— А помните Киев? — говорит Константин Александрович.
Я считаю счастьем и удачей, что на самой ранней заре моей театральной жизни мне пришлось, пусть мельком, встретиться с Марджановым.
Я еще только робко мечтала о сцене в этот бурный, незабываемый 1919 год, когда в Киеве, истерзанном гражданской войной, но все же живом и прекрасном, появился Константин Марджанов.
В течение 1918 года Киев видел многое, слишком многое: прусских офицеров с моноклями, и гетманских «синежупанников», и петлюровских гайдамаков, и обломки старого Петербурга и старой Москвы во время повального бегства на юг. Вся эта накипь была сметена Красной Армией в январе 1919 года. И тут же в израненном городе началось могучее созидание.
Во главе киевских театров стал Марджанов, человек с огромной энергией и необузданной фантазией.
Я мечтала осенью 1919 года поступить в театральную студию, учиться и работать у Марджанова и совсем не беспокоилась, как при этом сложится моя личная судьба на сцене: раз с Марджановым — значит, захватывающе интересно! Старшие товарищи, ученики студии при театре «Соловцов», помогли мне пробраться на репетицию «Овечьего источника»; тогда я впервые увидела работу режиссера, и какого режиссера! Не буду останавливаться на спектакле «Овечий источник»: о нем много написано.
То, что живет столетиями в драме Лопе де Вега, то, что было нужнее насущного хлеба молодежи тех лет, — все было воплощено в этом спектакле: «Свобода! Свобода или смерть!»

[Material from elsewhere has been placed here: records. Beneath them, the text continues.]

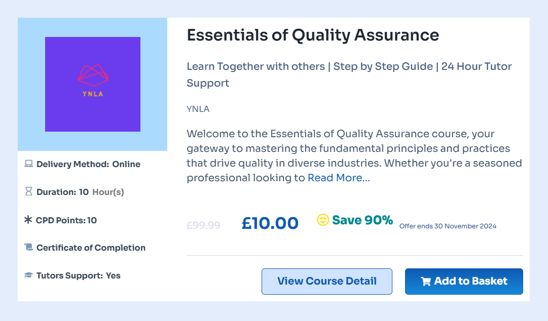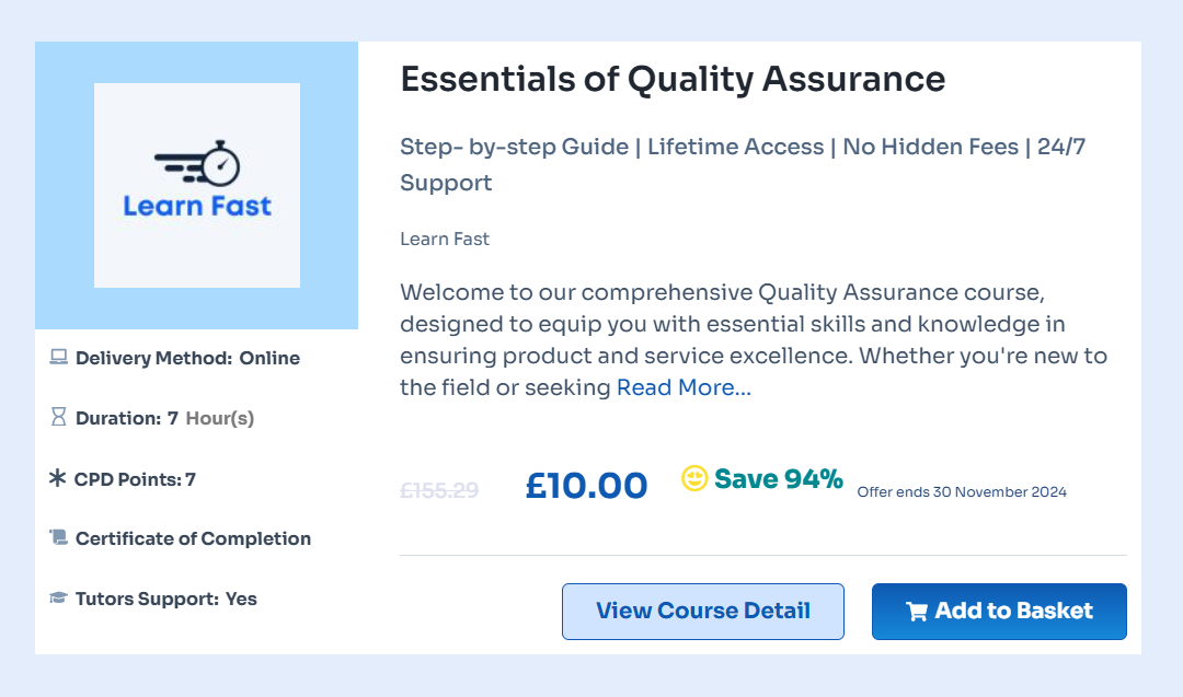 The Essentials of Quality Assurance course by Learn Fast delivers a comprehensive exploration of quality assurance principles, suitable for newcomers and experienced professionals alike. The curriculum emphasizes real-world applications, guiding participants through essential QA processes—from strategic planning to implementation. Learners will develop a thorough understanding of quality frameworks, improving organizational efficiency and customer satisfaction. With practical case studies and CPD accreditation, this course ensures you gain both theoretical insights and hands-on skills in quality management.
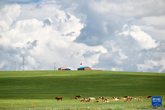 7月10日拍摄的内蒙古锡林郭勒盟东乌珠穆沁旗草原上的牛群。
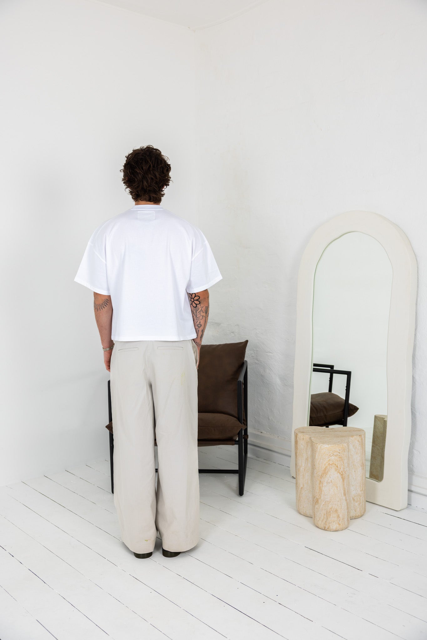 With its cropped fit and relaxed drop shoulders, this tee delivers a sleek, contemporary silhouette. Perfect for effortless layering or standing out on its own, it’s finished with a clean, minimalist back for a balanced and versatile look.
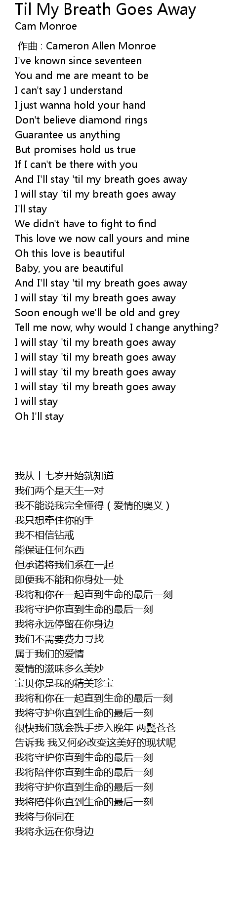 | [00:28.590] | And I' ll stay ' til my breath goes away |
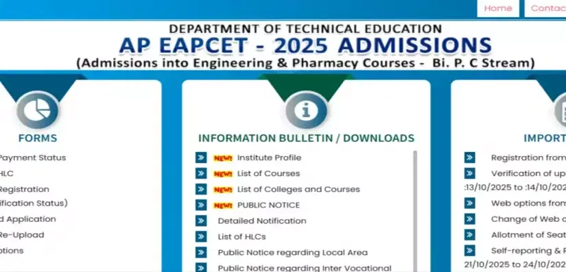 AP EAMCET BiPC Phase 1 Web Option Link 2025: The Department of Technical Education, Andhra Pradesh, started the web option window today, October 14, 2025. Only registered candidates will be allowed to select a course and college options for seat allotment. To begin filling out the web options, candidates have to log in to the APSCHE portal using their hall ticket number and date of birth.

Усилия Марджанова, Юреневой, Рабиновича, даже самого скромного исполнителя роли без слов, сливались в единый мощный порыв борьбы с угнетателями.
Может быть, юность, свежесть восприятия способствовали тому, что я так безоговорочно полюбила весь спектакль целиком, что «Овечий источник» в постановке Марджанова стал для меня каким-то откровением. Но ведь я была не одна! Каждый спектакль «Овечьего источника» был триумфом: весь театр бушевал и безумствовал от восторга!
И этот вихрь, это волшебство создал он, стройный человек, с серебряными нитями в темных волосах, о котором киевская театральная молодежь рассказывала бесконечные трогательные и забавные истории.
И вдруг… событие первостепенной для меня важности: на спектакле в подвальчике-кабаре «Кривой Джимми» известный киевский журналист и критик Гарольд во время антракта познакомил меня с Марджановым. Это было так неожиданно, что я не успела ни смутиться, ни испугаться. Гарольд сказал, что я собираюсь поступить в театральную студию и что я сестра композитора Ильи Саца. Глаза Марджанова засветились очень теплым и ласковым светом, он усадил за столик меня и Гарольда и, волнуясь, заговорил об Илье. Их творческие пути неоднократно скрещивались: «Гамлет» в МХТ, в режиссерской работе над которым принимал участие Марджанов, «У жизни в лапах» Гамсуна — первая самостоятельная постановка Марджанова в Художественном театре; «Слезы» — созданный специально для Юреневой спектакль-мимодрама, — везде звучала своеобразная музыка Ильи Саца. Во всех постановках режиссер и композитор работали в чудесном вдохновенном единении, помогая друг другу.
Не только в их творчестве, но и в их человеческом облике было много общего, и их связывала большая и нежная дружба.
— Фанфары из «Гамлета» вспоминаешь и… мороз по коже! А вальс из «У жизни в лапах»! А сколько у нас с Ильей осталось замечательных, увы, неосуществленных замыслов! Как Илья был бы нужен сейчас. Что бы мы с ним натворили!
К моим мечтам о сцене Марджанов отнесся очень тепло, сказал мне несколько ободряющих и задушевных слов, которые привели меня в совершенный восторг, а на прощанье добавил:
— Значит, я, во всяком случае, увижу вас в августе на испытаниях в соловцовской студии. Если вам до этого захочется посоветоваться со мной, я всегда к вашим услугам. Вы мне не чужой человек, вы — сестра Ильи.
Последний акт я слушала и смотрела сквозь какой-то радужный туман. Конечно, «Кривой Джимми» был в моих глазах лучшим, остроумнейшим, изящнейшим среди всех театров этого жанра; Курихин, Хенкин, Перегонец — чудесными, увлекательными актерами; а лучше всех был Марджанов, большой режиссер и такой простой и обаятельный человек.
В это лето я пережила тяжелое горе. Но молодость брала свое и, несмотря на переживания, в ожидании августа я усердно готовила монологи, стихи, басни.
Можно привыкнуть к очень многому; и киевляне тех лет привыкли к постоянным звукам канонады. «Это стреляют, там, на Ирпене», — говорили таким тоном, будто Ирпень находится где-то на другом полушарии.